● EXERCISE
In the entries below, find the line with "Monster High dukke" and the line with "- super-cena, bez"; copy them and every line between them exactly, but not the pictures.

● LISTED ENTRIES

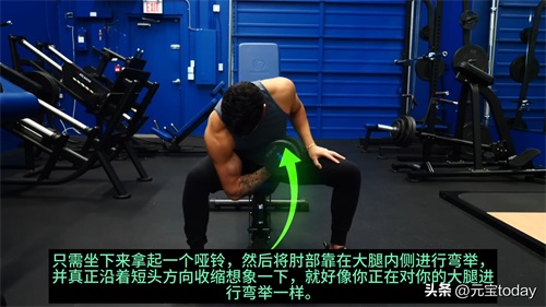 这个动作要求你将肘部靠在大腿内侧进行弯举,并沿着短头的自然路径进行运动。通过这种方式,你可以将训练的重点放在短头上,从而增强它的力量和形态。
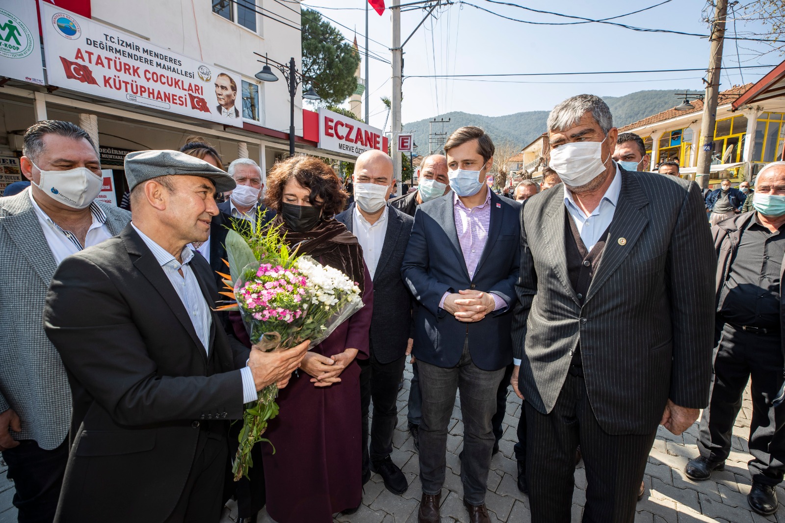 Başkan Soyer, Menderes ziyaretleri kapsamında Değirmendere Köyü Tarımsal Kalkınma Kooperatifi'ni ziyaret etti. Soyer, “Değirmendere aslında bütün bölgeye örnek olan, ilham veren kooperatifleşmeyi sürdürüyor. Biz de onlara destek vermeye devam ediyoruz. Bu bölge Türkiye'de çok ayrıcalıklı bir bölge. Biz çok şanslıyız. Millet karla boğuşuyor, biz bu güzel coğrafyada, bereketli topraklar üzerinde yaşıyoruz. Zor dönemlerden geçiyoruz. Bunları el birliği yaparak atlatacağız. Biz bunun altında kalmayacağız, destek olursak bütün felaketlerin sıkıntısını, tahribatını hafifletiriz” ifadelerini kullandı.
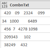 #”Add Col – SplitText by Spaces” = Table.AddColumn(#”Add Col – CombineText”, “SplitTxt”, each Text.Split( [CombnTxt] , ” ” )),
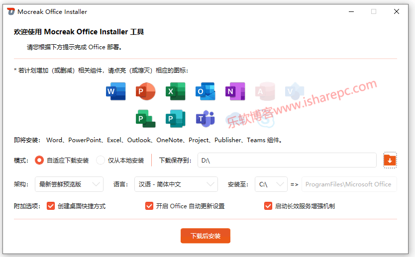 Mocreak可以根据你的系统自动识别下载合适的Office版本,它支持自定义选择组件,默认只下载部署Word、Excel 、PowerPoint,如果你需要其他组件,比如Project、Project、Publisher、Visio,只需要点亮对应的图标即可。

* * *

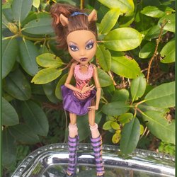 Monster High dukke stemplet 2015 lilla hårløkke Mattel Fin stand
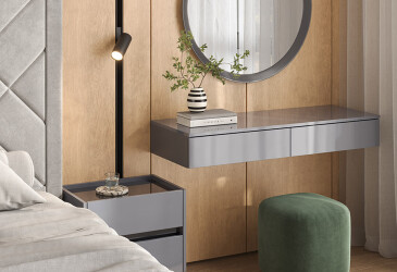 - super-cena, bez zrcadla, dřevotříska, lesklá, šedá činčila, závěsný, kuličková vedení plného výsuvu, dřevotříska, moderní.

● EXERCISE SOLUTION
 Monster High dukke stemplet 2015 lilla hårløkke Mattel Fin stand
 - super-cena, bez zrcadla, dřevotříska, lesklá, šedá činčila, závěsný, kuličková vedení plného výsuvu, dřevotříska, moderní.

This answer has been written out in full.